1 Por isso fiz meu coração considerar todas estas coisas, para entender com clareza tudo isto: que os justos, e os sábios, e suas obras, estão nas mãos de Deus; até o amor e o ódio, o homem nada sabe o que há à sua frente.

considerar – em vez disso, explorar; O resultado da minha exploração é que “os justos, etc., estão nas mãos de Deus. Ninguém conhece o amor ou o ódio (de Deus para eles) por tudo o que está diante deles ”, isto é, pelo que é externamente visto em Seus procedimentos atuais (Ec 8:14, Ec 8:17). No entanto, a partir do sentido das mesmas palavras, em Ec 9: 6, “amor e ódio” parecem ser os sentimentos dos ímpios para com os justos, por meio dos quais eles causaram ao último consolo ou tristeza. Traduza: “Até o amor e o ódio” (exibidos para os justos estão nas mãos de Deus) (Salmo 76:10; Pv 16: 7). “Nenhum homem sabe tudo o que existe diante deles.”

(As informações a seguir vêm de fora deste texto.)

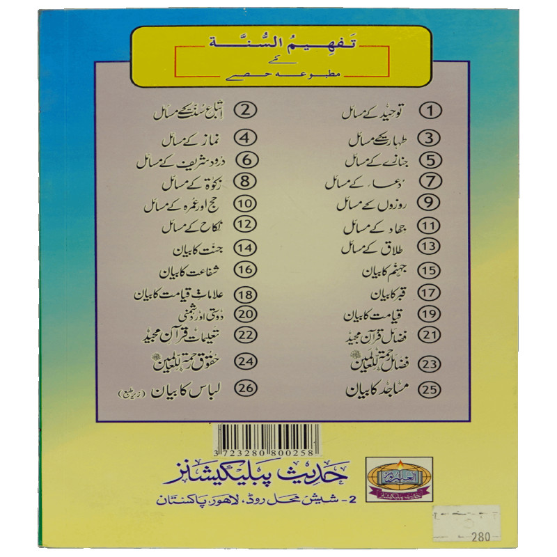 اس کتاب میں مساجد کی تعمیر کا مقصد، مساجد کی تعمیر کا ثواب، معاشرے میں مساجد کی اہمیت، مساجد کی فضیلت، مسجد حرام، مسجد نبوی اور مسجد اقصیٰ کی فضیلت، مسجد قبا کی فضیلت، مساجد کی صفائی کرنے کی فضیلت، مساجد میں جائز امور اور ناجائز امور احادیث صحیحہ کی روشنی میں بیان کیے گئے ہیں۔

2 Tudo acontece de modo semelhante a todos; o mesmo acontece ao justo e ao perverso; ao bom e ao puro, assim como ao impuro; tanto ao que sacrifica, como ao que não sacrifica; tanto ao bom, como ao pecador; ao que jura, assim como ao que teme fazer juramento.

tanto – não universalmente; mas quanto à morte. Ec 9: 2-10 são feitos por Holden a objeção de um sensualista cético. No entanto, eles podem ser explicados como a linguagem de Salomão. Ele repete o sentimento já implícito em Ec 2:14; Ec 3:20; Ec 8:14.

um evento – não eternamente; mas a morte é comum a todos.

bom – moralmente.

puro – cerimonialmente.

sacrifica ao igual a Josias que se sacrificou a Deus, e a Acabe que fez sacrifício a Ele cessar.

jura – precipitadamente e falsamente.

3 Esta coisa má existe entre tudo o que é feito abaixo do sol, que a todos aconteça o mesmo; e que o coração dos filhos homens esteja cheio de maldade, e que haja loucuras em seus corações durante suas vidas, e depois eles vão para entre os mortos.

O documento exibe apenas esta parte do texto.